Juneteenth, celebrated on June 19, commemorates the end of slavery. The Emancipation Proclamation had outlawed slavery more than two years earlier, but enforcement largely was a function of where Union troops had advanced. On June 19, 1865, federal orders finally reached — and were proclaimed — in Texas.
Efforts to make it a federal holiday have intensified amid the protests against racial inequality in the aftermath of the killing of George Floyd by police in Minneapolis.
Columbus Day honors Christopher Columbus and has been recognized as a federal holiday since 1934. Originally, it fell on Oct. 12, but President Lyndon Johnson in 1968 moved it to the second Monday in October.
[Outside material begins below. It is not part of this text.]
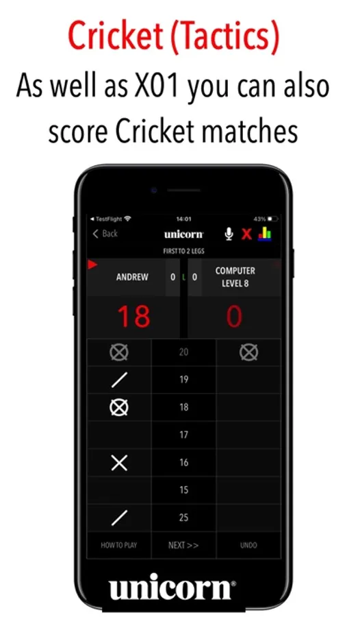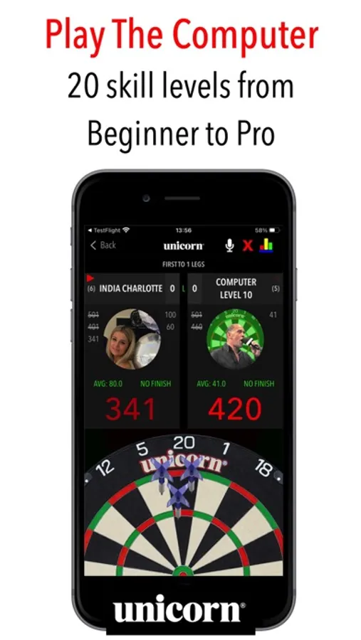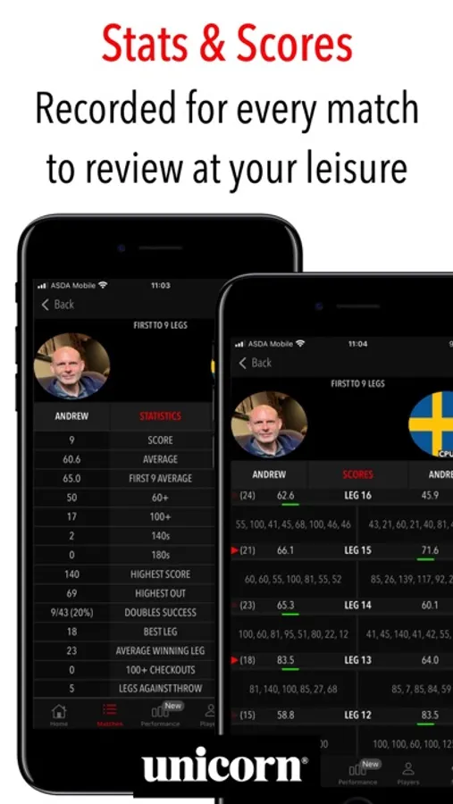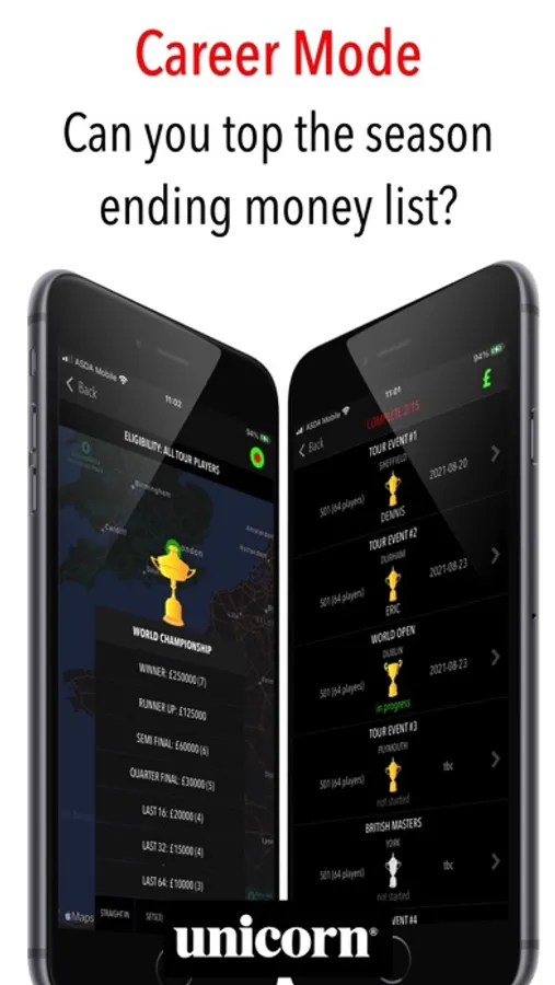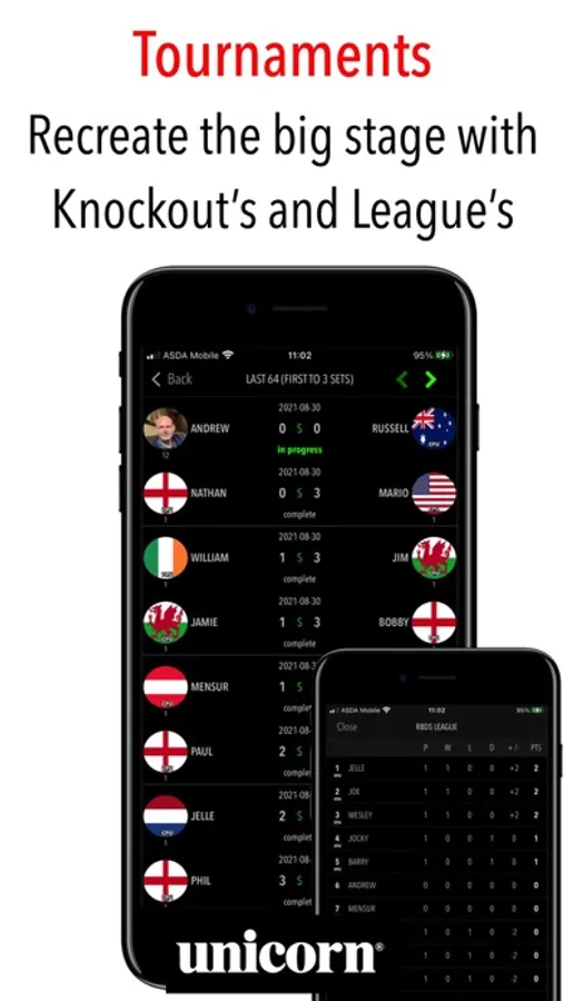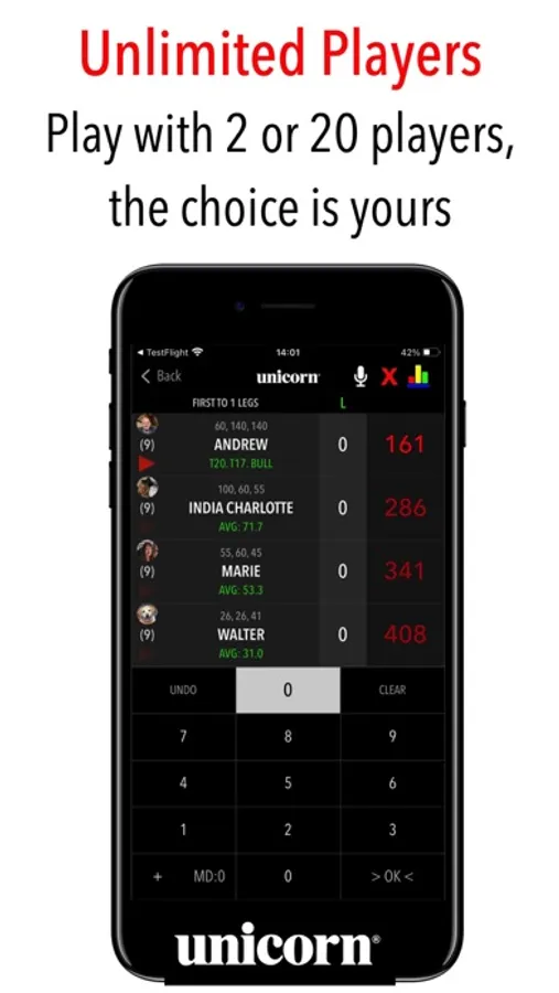 The only darts scoring app officially endorsed by global darts brand Unicorn.

For many Italian-American groups and communities, it’s a day set aside to celebrate their heritage. But it has been a source of growing controversy in recent years because of the killing and enslavement of indigenous people in the Americas by European explorers and settlers.
Last year, Wisconsin Gov. Tony Evers by executive order designated Indigenous Peoples Day to run on the same day as the federal holiday. Earlier this year, Chicago Public Schools stopped recognizing Columbus Day entirely, instead giving students off the same day and calling it Indigenous Peoples Day, drawing objections from Italian American groups.
A spokesman for Johnson said the senator was not denigrating Christopher Columbus or making a value judgment about his legacy, only seeking to avoid increasing the number of federal holidays for cost reasons.